Has anyone had their Explorer blow up? If this part of the engine block recall?
Tell us a bit more. Did this happen to you? What do you mean by “Blow up?” Is the vehicle covered by a warranty (seems likely) and if so, what has the dealer told you?
Did you mean ‘block heater recall’? If so did you ignore the recall and continue to used the block heater though directly instructed NOT to use the heater until recall service was performed?
She heard a loud pop noise then it filled the car with smoke and shut off. When I got there it was in a puddle of oil. It has 65000 miles on it.
If it’s still in warrantee tow it to the dealer. But at 65k, probably not. I’d have it towed to a good independent mechanic and get an estimate on the damage. A new engine would be expensive.
But it may be something less severe than that… Impossible to tell over the internet.
With 10,000 mile oil changes becoming common, I don’t understand why oil level monitors are not standard on all cars.Many drivers have never checked the oil in their life, but with 3000 mile oil changes they seldom ran out of oil.
I doubt that oil level monitors would change anything. Or I should say that they have not changed anything. People either check and add as needed or they don’t.

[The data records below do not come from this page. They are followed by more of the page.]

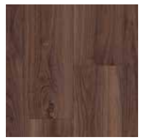
PNP 8710 WALNUT
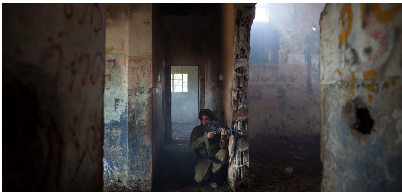
Israeli soldiers of the Golani Brigade participate in a May 2013 exercise in the Golan Heights. The heightened presence of Israeli soldiers at the Israeli-Syrian border came after Syria accused Israel of launching airstrikes near the Lebanese-Syrian border.

For Iran, Syria serves as a route to the Mediterranean, a bridge to Iran-backed Lebanese Hezbollah, and an additional front with Israel. As such, Syria is a major part of Iran's gray zone strategy to extend its influence in the Middle East and to apply pressure on Israel, one of its two major adversaries in the region. When the 2011 uprisings in Syria began, Iran saw the threat of the overthrow of a key ally. But over time it also came to see an opportunity to redefine its influence over a weakened Syrian government, and Iran's on-the-ground presence in Syria is part of its current strategy to establish itself as a dominant regional power. 25 Whereas before the uprisings the Assad regime functioned more as an ally, with occasional disagreements and sometimes differences in policy goals, later the IRGC-QF aimed to turn that regime into a client state. The civil war in Syria has allowed Iran to influence and shape the functioning of the deep state that supports Bashar al-Assad's rule, which includes the elite security and intelligence services that are primarily led
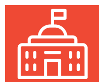
GOVERNMENT RELIEF ACCESS
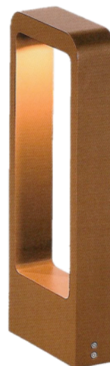
LWC 051-650 150 x 40 x 650 1 x COB 7W
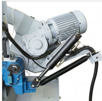
Motor and Gearbox Drive
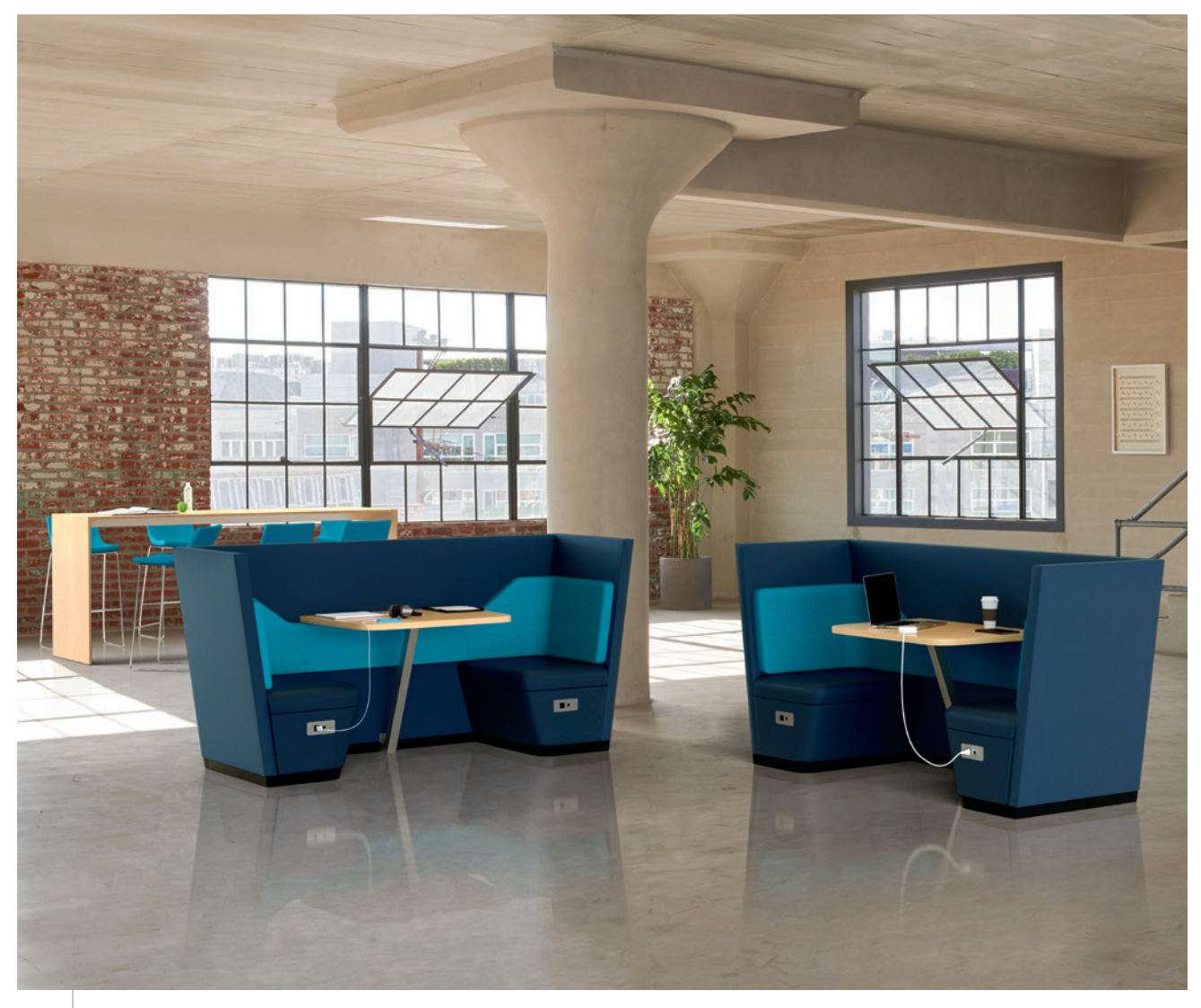
#6510-65TS-PB1 Public Lounge Models with Integrated Tables and Seat-Mounted Power Band 1 Units
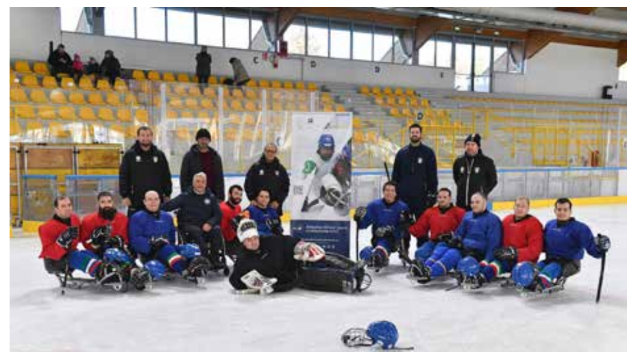
In October 2022 the Milano Cortina 2026 Paralympic Winter Games Organising Committee launched a four-year Adaptive Winter Sport initiative to increase sports participation for people with disabilities through dedicated courses and camps.
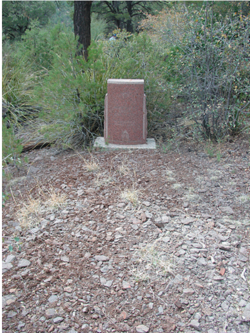
View 1 — Main (front)
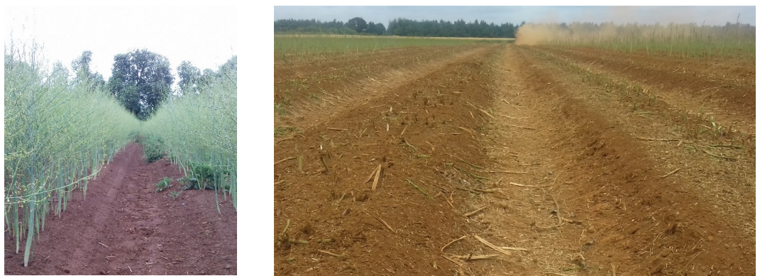
Figure 1 left. Post-harvest trial site on 11 June before first flail down carried out on 21 June Figure 1 right. Post-harvest trial site on 9 July when post-em herbicides were applied after final flail to remove spears

The post-harvest trial was flailed twice (21 June and 1 July) before herbicide application due to a late change of site agreed with the Asparagus Growers Association, after the initial site became unavailable. The fern had already expanded as shown in Figure 1, but as it was still young and not tough, and also had good vigour it was determined flailing down again would be acceptable and not affect the trial. No post-harvest herbicides had been applied, the site remained clear of weeds due to dry conditions. It was agreed to flail the crop once more -9 July - immediately before the application of the herbicides as the spears had grown rapidly. Once mown pre application the trial site appeared as in Figure 1 on the right.
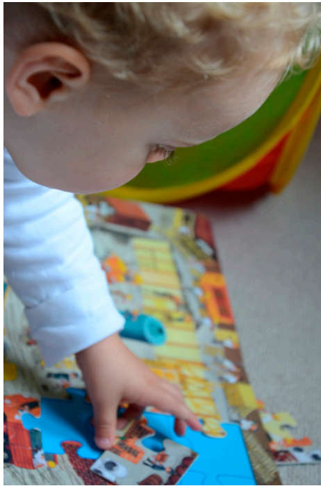
Fig. 2. Illustration of a template image. This template image was used to generate the two-tone image shown in Fig. 1A, Left . To experience the effect of knowledge on perception, the reader should look back at Fig. 1A after having viewed this template for some time. The perceptual experience of the two-tone image in Fig. 1A, Left , should have drastically changed from the initial viewing: rather than looking like meaningless patches, a coherent percept of the child and parts of the puzzle should now be experienced. The control image in Fig. 1A, Right , should still appear as meaningless patches.
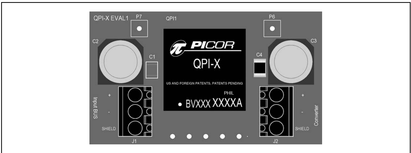
Figure 3 - QPI-X EVAL board showing location of components and connectors.
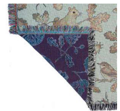
Please note blankets are not shown to scale relative to one another.
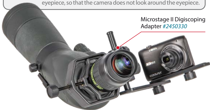
Microstage II Digiscoping Adapter #2450330

The large eye-lens of the Morpheus® eyepieces makes it possible to use also larger compact cameras – the camera's lens should be smaller than that of the eyepiece, so that the camera does not look around the eyepiece.
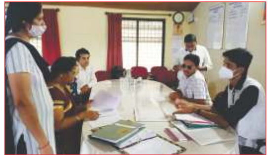
The Deputy Director & District Disabled Welfare Officer Visit
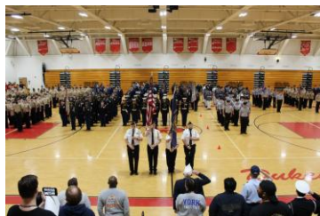
2026 JROTC Competition

On February 22 nd The American Legion Department of Virginia hosted its 2 nd JROTC competition since COVID-19 closures. Gloucester High School was kind enough to host us as we held 10 events that were well attended by 18 High Schools across all three regions of the state of Virginia. There were 24 judges and many more volunteers among The American Legion Department of Virginia from all three regions and many more Legionnaires who were present to observe the hard work and dedication of these young men and women during their JROTC drills. Even the Marine Corps League came out to give us a hand on this fabulous day of events. Congratulations to all of the JROTC units that were present for the competition, especially to Unity Reed High School JROTC program from Manassas, VA, who won first place overall. To see all 77 photos posted on Facebook by the Department's Judge Advocate, see this link : The Chantilly JROTC program did not attend.
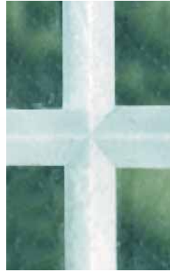
3/8 Frosted V-Groove
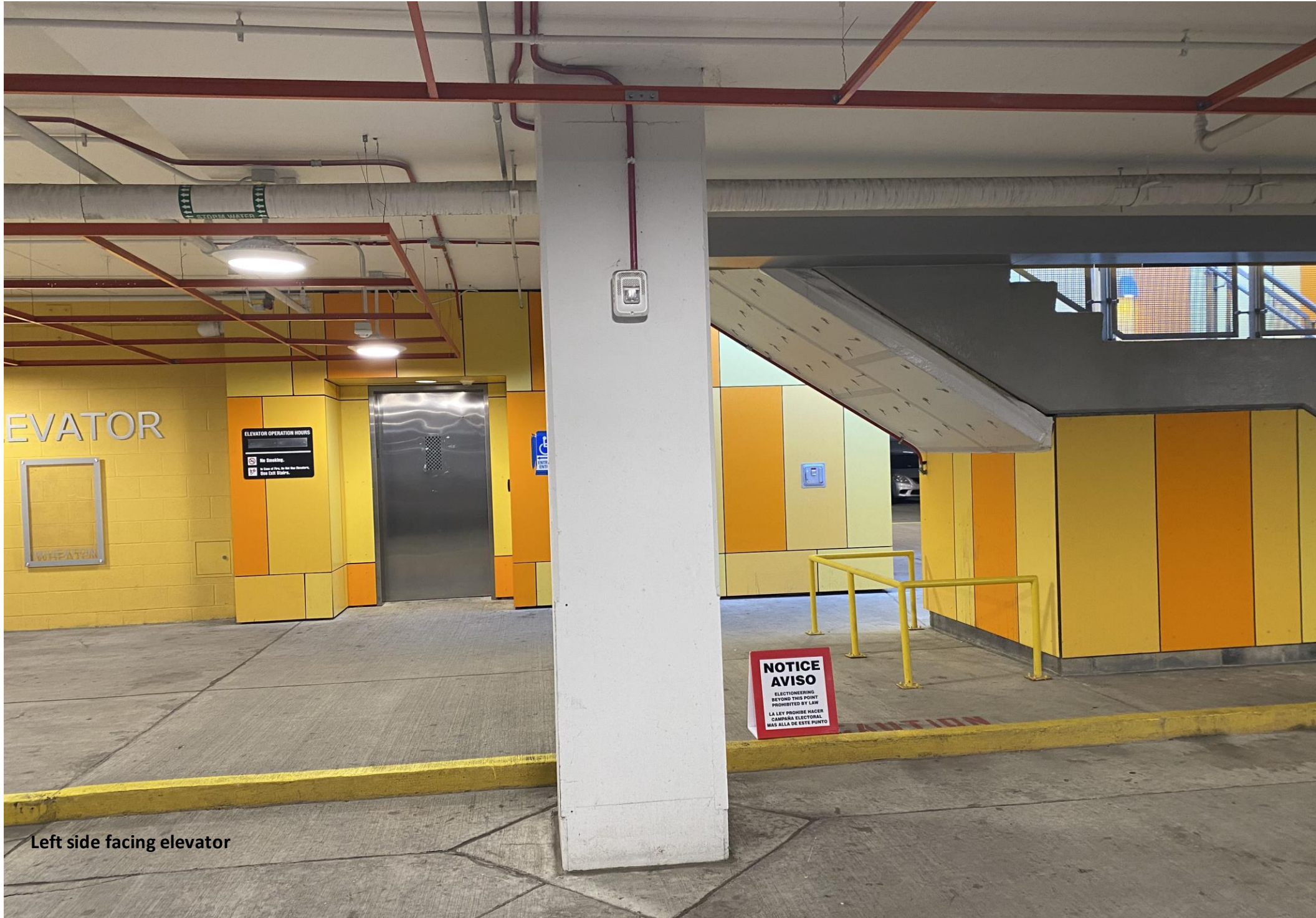
Left side facing elevator
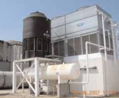
Evapco Condenser, Delta Cooling Tower, CO 2 Tank - (7) Vilter Ammonia Comp. to 150 hp
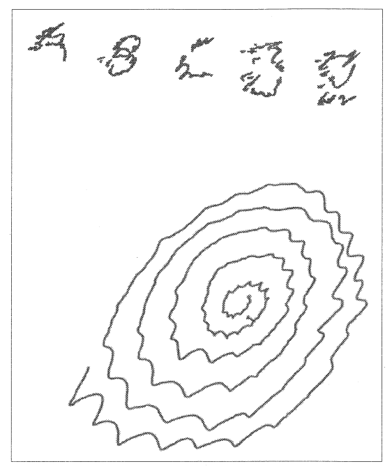
그림 2. 진전증 환자의 쓰기 및 그리기

involuntary trembling in part of the body; most often seen in the hands and head and also may affect the arms, voice (larynx), trunk, and legs.
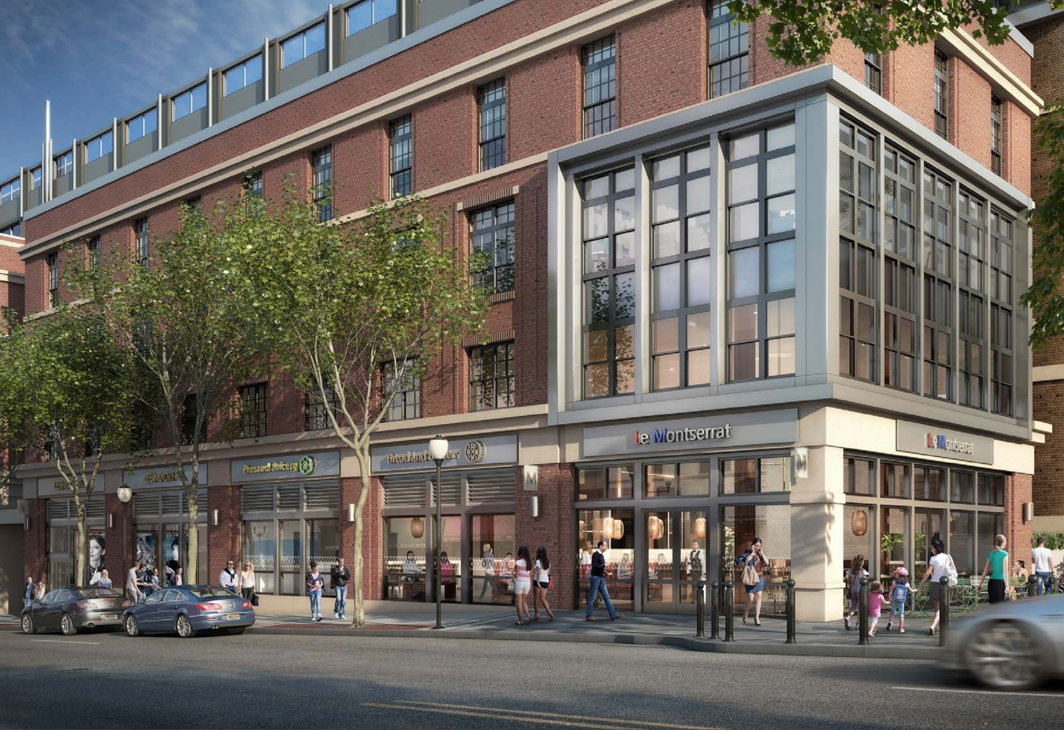
SEYMOUR STREET MONTCLAIR, NEW JERSEY

Last week I was handed a repair order for a 2015 VW. The repair instructions read: "Customer states oil level warning came on. Customer checked oil level and it was low. Inspect, diagnose and advise."
What am I supposed to do with that? Hold the guy’s hand and explain to him that adding a quart of oil now and then is nothing to be scared of?
It is under warranty where we got it and it’s at the Ford dealer
If that warranty is of the aftermarket variety, it undoubtedly contains a lot of weasel-clauses that will result in denial of coverage. I sincerely wish you the best in this situation, but an aftermarket warranty (as opposed to an extended warranty from the vehicle manufacturer) is rarely worth as much as the paper and printer ink that were used to print the document.
It had a powertrain warranty and it was through enterprise. They told us that it might get just put a new motor in it. They said whatever needs done they will fix
Wish you luck. It does sound like a major failure though. You don’t get a puddle of oil without some major failure causing a hole in the pan or something. With other leakage possibilities, you wouldn’t have gotten the “puff”. So combined it sounds like some major failure caused the puff and then caused the hole that drained the oil. If there hadn’t been any oil in it though, it wouldn’t have drained out. So seems to me that rules out just running it dry.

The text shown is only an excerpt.